Google Colab automatically saves your notebook to your Google Drive.
You can also share your notebooks with others by clicking the "Share" button in the top right corner.

Easy Collaboration: You can easily share your Colab notebooks with your peers or instructors and work on projects together.

Now coming back to the exercise.

## Hands-on Exercise
In this exercise, we'll explore the basics of ASR and TTS using models from the Hugging Face 🤗 library. We will see, how to download the models from Huggingface hub, getting transcriptions with different models in various languages in ASR. We will also get fimilier with opensource TTS models where by providing different prompt we can generate synthatic audio.   

### Incase you are interested: What is Hugging Face🤗?
Hugging Face 🤗 is a leading open-source platform in the field of natural language processing (NLP) and machine learning. It provides a vast collection of state-of-the-art models and tools that make it easy to work on tasks like text classification, language translation, text generation, speech recognition, and much more.

Hugging Face 🤗's Transformers library is one of the most popular libraries for building AI models, and it supports a wide range of pre-trained models for different applications. You can get more information about this here: https://huggingface.co/


# Setup
#### Installing Required Libraries
First, we'll install the necessary libraries. Run the following cell to install them

In [None]:
%%capture
# %%capture at the beginning of a code cell prevents the output of that cell from being displayed in the notebook unless you specifically request it later.
# They are also known as Magic Commands and there are various magic commands which colab supports.
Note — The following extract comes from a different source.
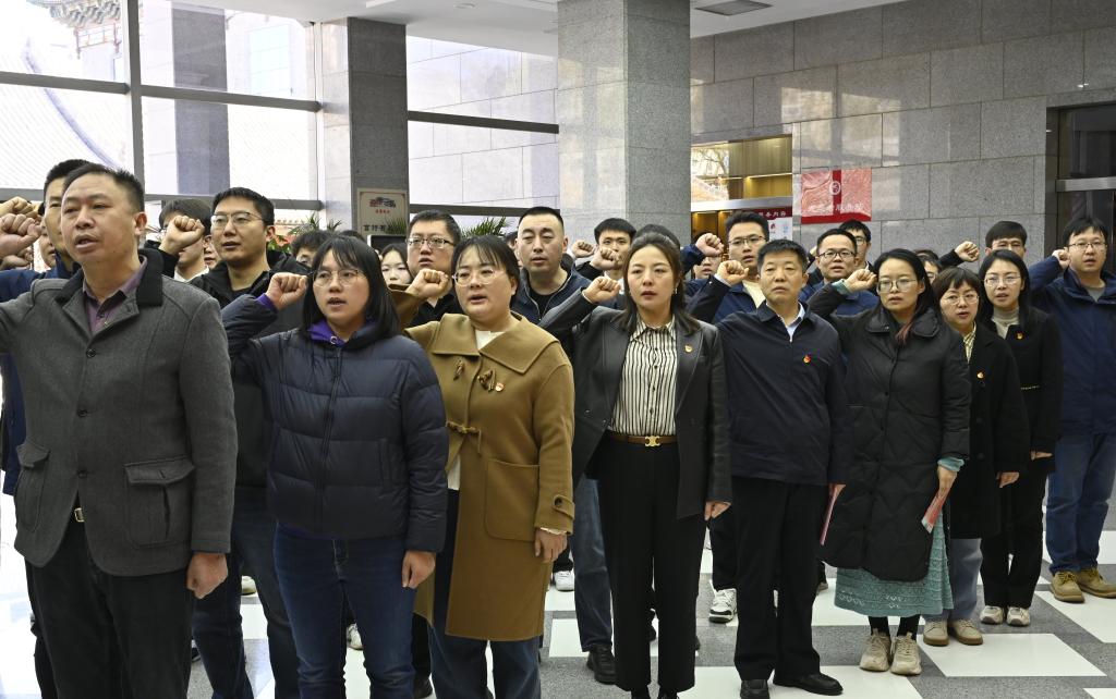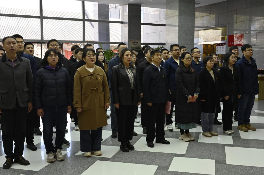 在中共太原支部成立旧址前,全体党员重温入党誓词。师生面向党旗庄严宣誓,铮铮誓言回荡在革命圣地,彰显了新时代党员的责任与担当。

You can learn more about this in below notebook.
# https://colab.research.google.com/github/jdwittenauer/ipython-notebooks/blob/master/notebooks/language/IPythonMagic.ipynb
! pip install transformers
! pip install datasets
! pip install librosa
! pip install soundfile
! pip install jiwer

We also recommand you to sign up with Hugging Face. It will help you not just exploring different models and datasets but also share your models with others. You can sign up here: https://huggingface.co/join

In the below code `notebook_login()` will ask you for a token. Which you can get it from https://huggingface.co/settings/tokens

Copy - paste your token here; and you are good to go. Your notebook has already signed up to Hugging Face hub.  


In [None]:
from huggingface_hub import notebook_login
notebook_login()

Now we will explore some pretrained and finetuned ASR models from 🤗. If you open 🤗 models, filter the task with Automatic Speech Recognition, you will see 19,985 speech related models as of October 2024.   
https://huggingface.co/models?pipeline_tag=automatic-speech-recognition&sort=trending

Now we will try one model which is has the highest number of downloads in ASR.
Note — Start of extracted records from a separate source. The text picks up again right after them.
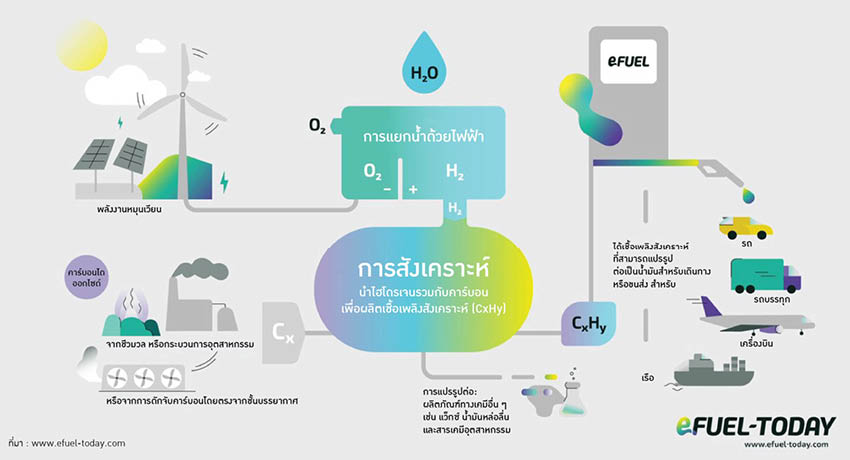 พลังงานหมุนเวียน เช่น ลมหรือแสงอาทิตย์ จะนำมาใช้ผลิตไฟฟ้า ถูกส่งเข้าสู่กระบวนการแยกน้ำเพื่อให้ได้ไฮโดรเจนสะอาด ขณะเดียวกัน ก็มีการดักจับก๊าซคาร์บอนไดออกไซด์จากปล่องโรงงานหรือจากอากาศ เมื่อผสมไฮโดรเจนเข้ากับคาร์บอนไดออกไซด์ผ่านปฏิกิริยาทางเคมี จะได้ของเหลวที่เรียกว่า ‘น้ำมันดิบสังเคราะห์’ e-Fuels แล้วนำไปกลั่นและปรับแต่งจนได้เชื้อเพลิง เช่น e-Gasoline e-Diesel และ e-SAF คาร์บอนที่ถูกปล่อยออกมา จะใช้พลังงานหมุนเวียนตลอดทั้งเส้นทาง เรียกได้พลังงานสะอาดหลายต่อ
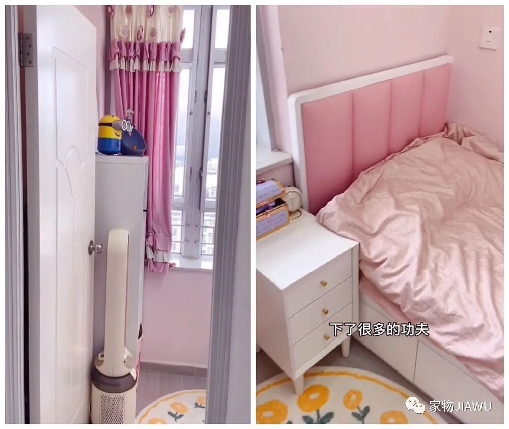 事实上,这个家里的两间卧室也正是如此,客厅直走进去就是女儿的卧室,狭窄的空间实在是不太好利用,只能用衣柜书桌一体式的单人床进行设计,充分利用空间。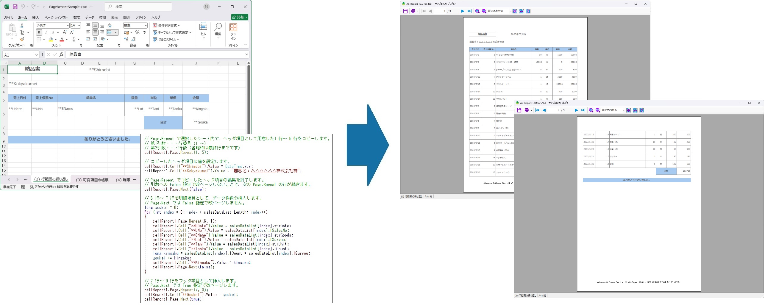 Page.Start - Page.End 機能では、セルに値を設定するだけで Excel で作成したレイアウト通りの帳票を簡単に作成することができます。
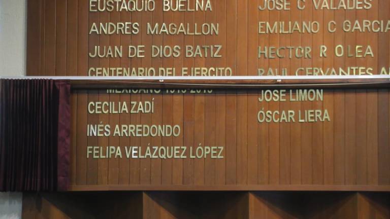 Cultura Cecilia Zadí, Inés Arredondo, Felipa Velázquez, José Limón y Óscar Liera, en el muro de honor del Congreso del Estado.( Fotos: Noroeste/Alejandro Escobar ) Cultura Inés Arredondo, Óscar Liera y José Limón llegan al muro de honor 28 agosto 2024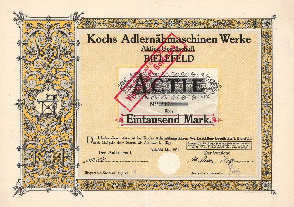 Fondata nel 1860, dal 1895 AG come "fabbrica di macchine da cucire e fonderia di ferro precedentemente H. Koch & Co." Nel 1931 acquisizione del programma di produzione per le macchine da cucire per uso domestico Dürkopp. Nel 1971 cambio di nome in Kochs-Adler AG, chiusura del 1975 della fonderia di ferro. Nel 1977 la fabbrica di macchine per cucire industriali si trasferì in una nuova fabbrica alla periferia di Bielefeld, la produzione di macchine per cucire per uso domestico terminò nel 1979. Per molto tempo, la famiglia Oetker di Bielefeld è stata un importante azionista della AG, quotata in borsa fino alla fine, negli anni '80 la maggioranza è andata a FAG Kugelfischer Georg Schäfer KGaA a Schweinfurt. All'inizio degli anni '90, Kochs Adler è stata ri... Altro

https://huggingface.co/jonatasgrosman/wav2vec2-large-xlsr-53-english

This model is finetuned on [Common Voice English dataset](https://commonvoice.mozilla.org/en/datasets) on a pretrained model [XLSR-53](https://huggingface.co/facebook/wav2vec2-large-xlsr-53).

# Automatic Speech Recognition (ASR)

First we will download a sample audio file and see how does it sound.

In [1]:
!wget --no-check-certificate 'https://upload.wikimedia.org/wikipedia/commons/f/f6/Appuru.wav'

'wget' is not recognized as an internal or external command,
operable program or batch file.


In [3]:
from IPython.display import Audio

# Play the audio file
Audio('../data/tutorial_8/Appuru.wav')

The audio containes an utterance from a woman in her mid-20s from Southern California pronouncing the idiom

"**the apple does not fall far from the tree**"
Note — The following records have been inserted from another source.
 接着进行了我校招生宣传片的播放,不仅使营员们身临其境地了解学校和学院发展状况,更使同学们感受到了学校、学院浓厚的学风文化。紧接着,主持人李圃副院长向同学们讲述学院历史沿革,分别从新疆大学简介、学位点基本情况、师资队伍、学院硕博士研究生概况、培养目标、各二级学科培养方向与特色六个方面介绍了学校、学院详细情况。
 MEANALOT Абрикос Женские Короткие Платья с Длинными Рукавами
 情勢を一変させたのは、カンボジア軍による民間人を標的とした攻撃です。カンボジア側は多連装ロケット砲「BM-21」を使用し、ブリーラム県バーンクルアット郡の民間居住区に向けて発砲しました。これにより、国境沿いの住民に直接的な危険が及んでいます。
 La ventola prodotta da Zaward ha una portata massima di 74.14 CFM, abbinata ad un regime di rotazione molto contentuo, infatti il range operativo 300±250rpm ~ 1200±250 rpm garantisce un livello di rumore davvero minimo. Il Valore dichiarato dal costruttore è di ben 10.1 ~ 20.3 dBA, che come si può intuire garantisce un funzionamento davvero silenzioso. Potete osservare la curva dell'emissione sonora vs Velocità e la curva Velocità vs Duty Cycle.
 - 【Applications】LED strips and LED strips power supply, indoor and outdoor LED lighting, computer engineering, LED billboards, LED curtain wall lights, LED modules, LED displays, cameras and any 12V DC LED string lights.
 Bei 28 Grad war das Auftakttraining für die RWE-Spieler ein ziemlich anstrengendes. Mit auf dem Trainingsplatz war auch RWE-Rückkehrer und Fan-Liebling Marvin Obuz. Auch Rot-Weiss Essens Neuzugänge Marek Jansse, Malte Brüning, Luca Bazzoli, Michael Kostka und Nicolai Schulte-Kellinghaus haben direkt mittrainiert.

Now let's see what ASR model recognize.

In [5]:
# Import required libraries
from transformers import Wav2Vec2ForCTC, Wav2Vec2Processor  # Libraries to use the Wav2Vec2 model for speech recognition
import librosa    # Library to handle audio files
import torch      # PyTorch library for tensor operations
from transformers import logging # Managing the warnings
logging.set_verbosity_error()


# Load the pre-trained Wav2Vec2 model and processor
# The model 'wav2vec2-large-xlsr-53-english' is specifically trained for English speech recognition
model = Wav2Vec2ForCTC.from_pretrained("jonatasgrosman/wav2vec2-large-xlsr-53-english")
processor = Wav2Vec2Processor.from_pretrained("jonatasgrosman/wav2vec2-large-xlsr-53-english")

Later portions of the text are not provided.